Signed-off-by: Qu Wenruo <quwenruo@cn.fujitsu.com>
---
 tests/btrfs/083     | 76 +++++++++++++++++++++++++++++++++++++++++++++++++++++
 tests/btrfs/083.out |  5 ++++
 tests/btrfs/group   |  1 +
 3 files changed, 82 insertions(+)
 create mode 100755 tests/btrfs/083
 create mode 100644 tests/btrfs/083.out

Comments

Filipe Manana March 12, 2015, 12:38 p.m. UTC | #1
On Tue, Mar 10, 2015 at 7:46 AM, Qu Wenruo <quwenruo@cn.fujitsu.com> wrote:
> [Problem]
> Since commit fcebe4562dec83b3f8d308 ("Btrfs: rework qgroup accounting"),
> quota data update is delayed after delayed_ref calculation, and lacks
> correct protection to detect root reference which shouldn't be counted
> in current sequence number but already written into extent backref.
>
> This makes exclusive reference not decreased correctly and give incorrect
> result.
>
> [Test procedure]
> 1. Create a btrfs with 3 subvolumes, quota enabled and rescanned.
> 2. Create a file in 1st subvolume
> 3. Clone the file to 2nd and 3rd subvolume
> 4. Sync the fs to reflect the changes in qgroup.
> 5. Check the qgroup data
>
> [Expected result]
> None of the subvolume has exclusive reference to the file.
>
> [Actual result]
> The first subvolume still have exclusive reference to the file.
>
> Signed-off-by: Qu Wenruo <quwenruo@cn.fujitsu.com>
> ---
>  tests/btrfs/083     | 76 +++++++++++++++++++++++++++++++++++++++++++++++++++++
>  tests/btrfs/083.out |  5 ++++
>  tests/btrfs/group   |  1 +
>  3 files changed, 82 insertions(+)
>  create mode 100755 tests/btrfs/083
>  create mode 100644 tests/btrfs/083.out
>
> diff --git a/tests/btrfs/083 b/tests/btrfs/083
> new file mode 100755
> index 0000000..17fd30b
> --- /dev/null
> +++ b/tests/btrfs/083
> @@ -0,0 +1,76 @@
> +#! /bin/bash
> +# FS QA Test No. 083
> +#
> +# Test for incorrect exclusive reference count after cloning file
> +# between subvolumes.
> +#
> +#-----------------------------------------------------------------------
> +# Copyright (c) 2015 Fujitsu.
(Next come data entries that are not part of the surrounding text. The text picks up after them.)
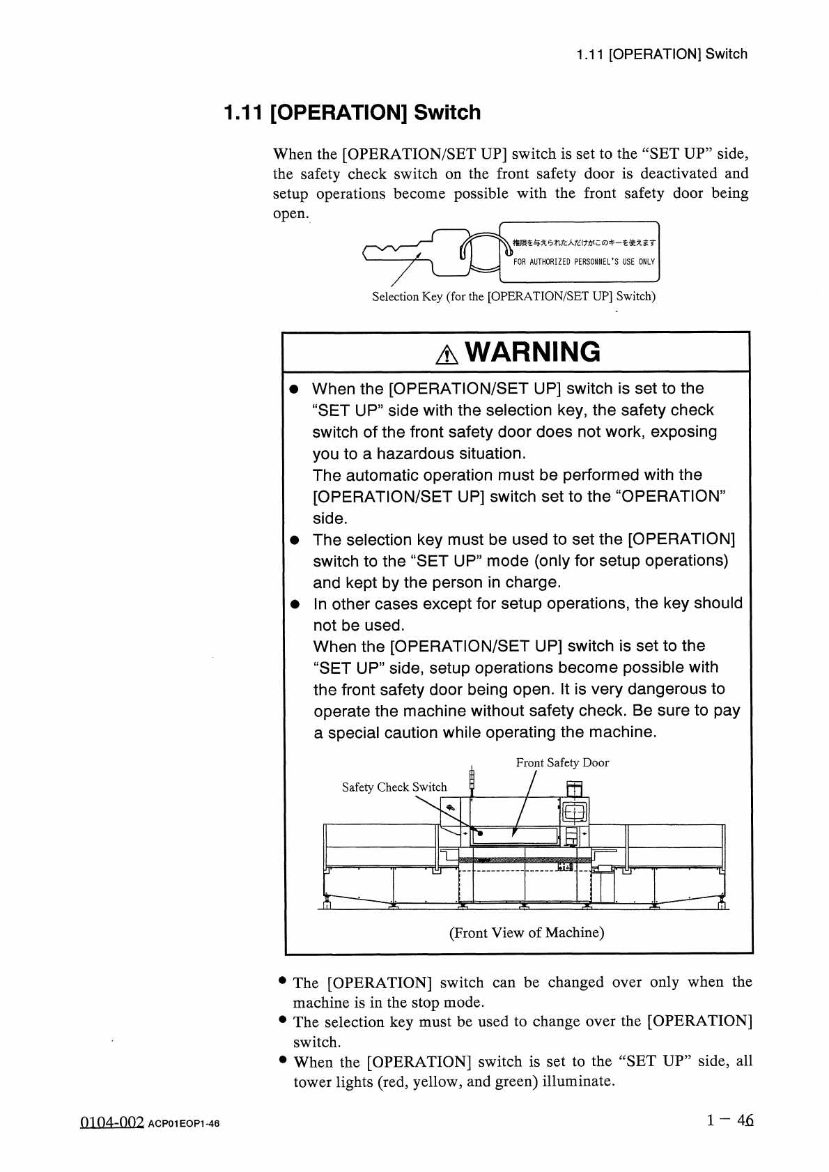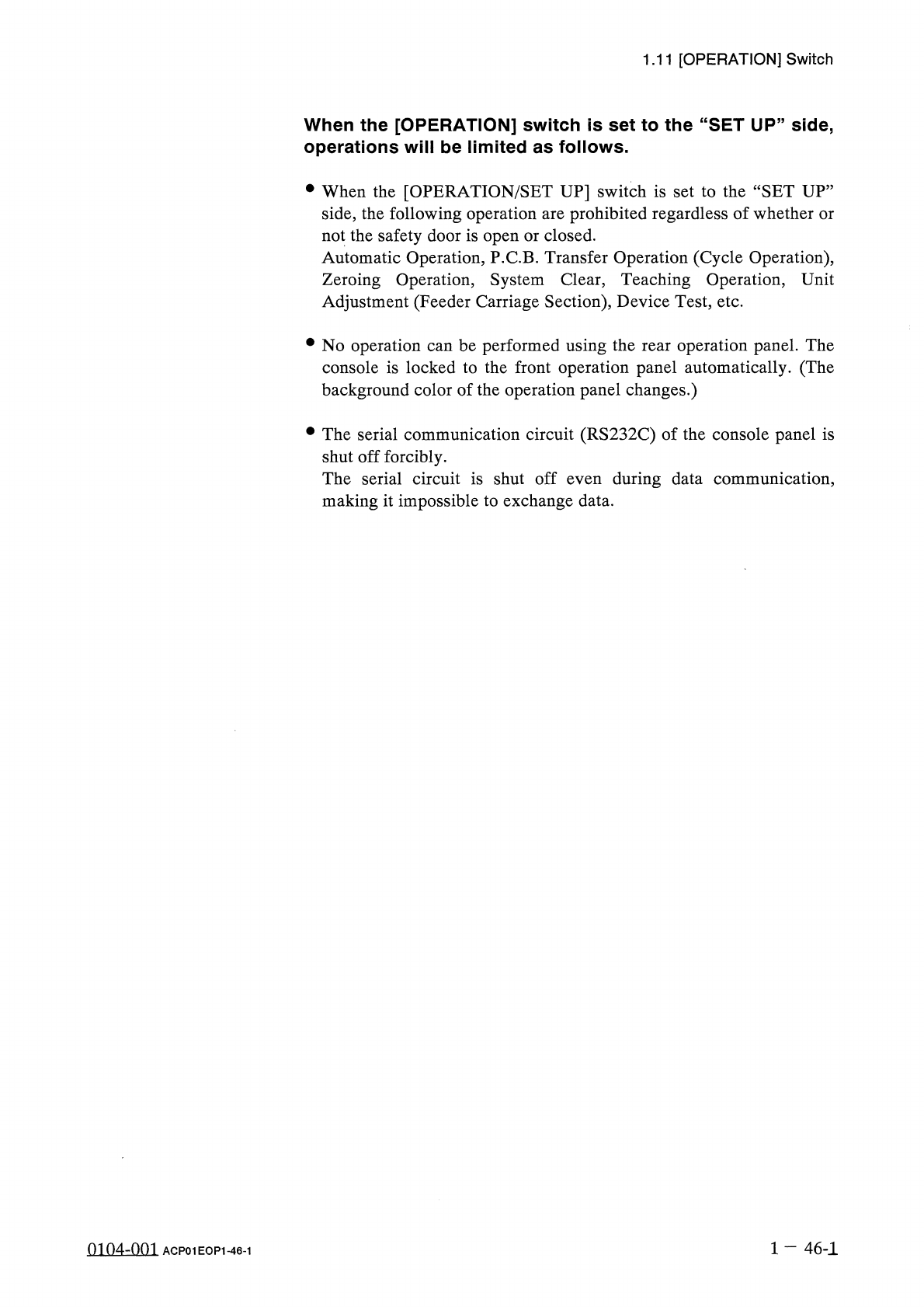 1.11 [ OPERATION ] Switch When the [ OPERATION ] switch is set to the “ SET UP ” side , operations will be limited as follows . • When the [ OPERATION / SET UP ] switch is set to the “ SET UP ” side , the following opera…
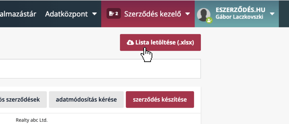 A Lista letöltése (.xlsx) gombbal pillanatok alatt exportálhatja az aktuális partnerlistát Excel-formátumban. Ezáltal könnyedén mozgathat adatokat, részletes kimutatásokat készíthet és testre szabott statisztikákat hozhat létre saját igényei szerint.
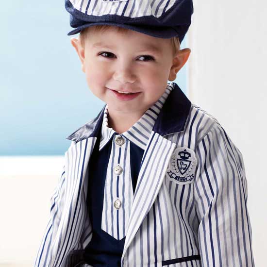 This kids’ wear set contains a hat, a jacket and a shirt coming with stylish stripes. The placket of the shirt features a tie shaped design for uniqueness. This cool kids’ wear set is made of high-quality cotton fabric for maximum comfort.
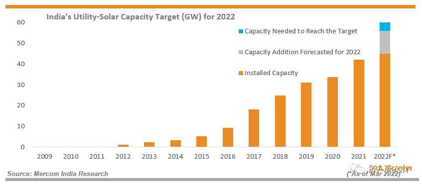 根據(jù)Mercom的印度太陽(yáng)能項(xiàng)目跟蹤報(bào)告,到目前為止,印度已經(jīng)安裝了45.6GW大型地面太陽(yáng)能項(xiàng)目,距離政府設(shè)定的2022年60GW的目標(biāo)還差14.4GW。
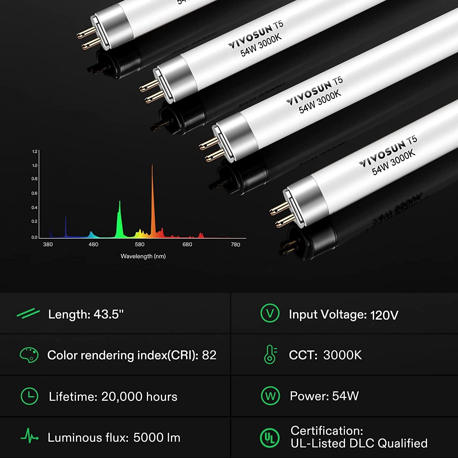 NEW VIVOSUN 5 PACK OF T5 GROW LIGHT BULBS, 4FT
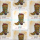 Esta bota de vaqueiro está toda vestida para o feriado com uma corda de luzes embrulhada em volta dela e o impulso foi substituído por uma campainha. É uma forma festiva e ocidental de celebrar o feriado. O plano de fundo apresenta cintilações e flocos de neve com as palavras Holidays Howdy no fundo. A bota está cheia de um presente e uma bengala doce. Produtos correspondentes disponíveis.
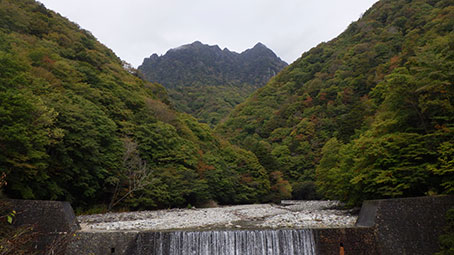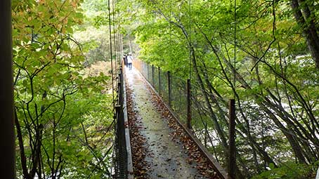 吊り橋の中ほどで立ち止まると、鶏冠山が形よく見えた。 吊り橋を渡り終わったら、右へ分かれて、沢に降りる。 |
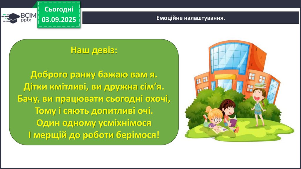 Повідомлення теми уроку та мотивація навчально-пізнавальної
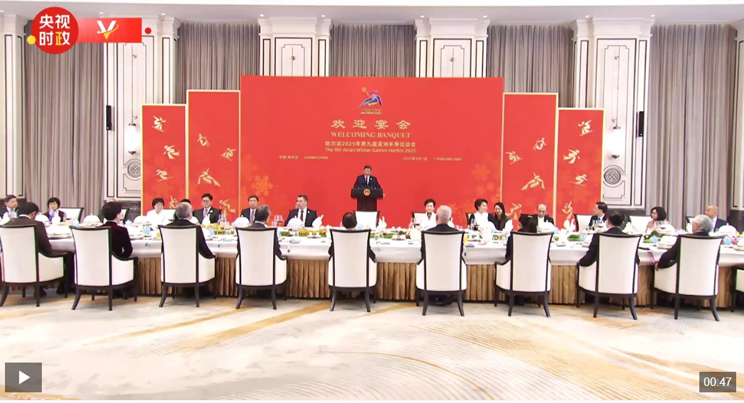 2月7日中午,國(guó)家主席習(xí)近平和夫人彭麗媛在黑龍江省哈爾濱市太陽(yáng)島賓館舉行宴會(huì),歡迎來(lái)華出席哈爾濱第九屆亞洲冬季運(yùn)動(dòng)會(huì)開幕式的國(guó)際貴賓。
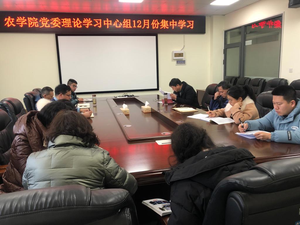 12月19日下午,学院在农科大楼3064会议室召开了12月份党委理论学习中心组集体学习,学院全体领导班子成员及党委理论中心组成员参会,会议由党委书记姜清奎主持。

All Rights Reserved.
> +#
> +# This program is free software; you can redistribute it and/or
> +# modify it under the terms of the GNU General Public License as
> +# published by the Free Software Foundation.
> +#
> +# This program is distributed in the hope that it would be useful,
> +# but WITHOUT ANY WARRANTY; without even the implied warranty of
> +# MERCHANTABILITY or FITNESS FOR A PARTICULAR PURPOSE.  See the
> +# GNU General Public License for more details.
> +#
> +# You should have received a copy of the GNU General Public License
> +# along with this program; if not, write the Free Software Foundation,
> +# Inc.,  51 Franklin St, Fifth Floor, Boston, MA  02110-1301  USA
> +#-----------------------------------------------------------------------
> +#
> +
> +seq=`basename $0`
> +seqres=$RESULT_DIR/$seq
> +echo "QA output created by $seq"
> +
> +here=`pwd`
> +tmp=/tmp/$$
> +status=1       # failure is the default!
> +trap "_cleanup; exit \$status" 0 1 2 3 15
> +
> +_cleanup()
> +{
> +    rm -f $tmp.*
> +}
> +
> +# get standard environment, filters and checks
> +. ./common/rc
> +. ./common/filter
> +
> +# real QA test starts here
> +
> +# Modify as appropriate.
> +_need_to_be_root
> +_supported_fs btrfs
> +_supported_os Linux
> +_require_scratch
> +_require_cp_reflink
> +
> +run_check _scratch_mkfs "--nodesize 4096"

--nodesize 65536
Otherwise the test fails (unnecessarily) on platforms with a page size > 4Kb.

> +
> +# inode cache will also take space in fs tree, disable them to get consistent
> +# result.
> +run_check _scratch_mount "-o noinode_cache"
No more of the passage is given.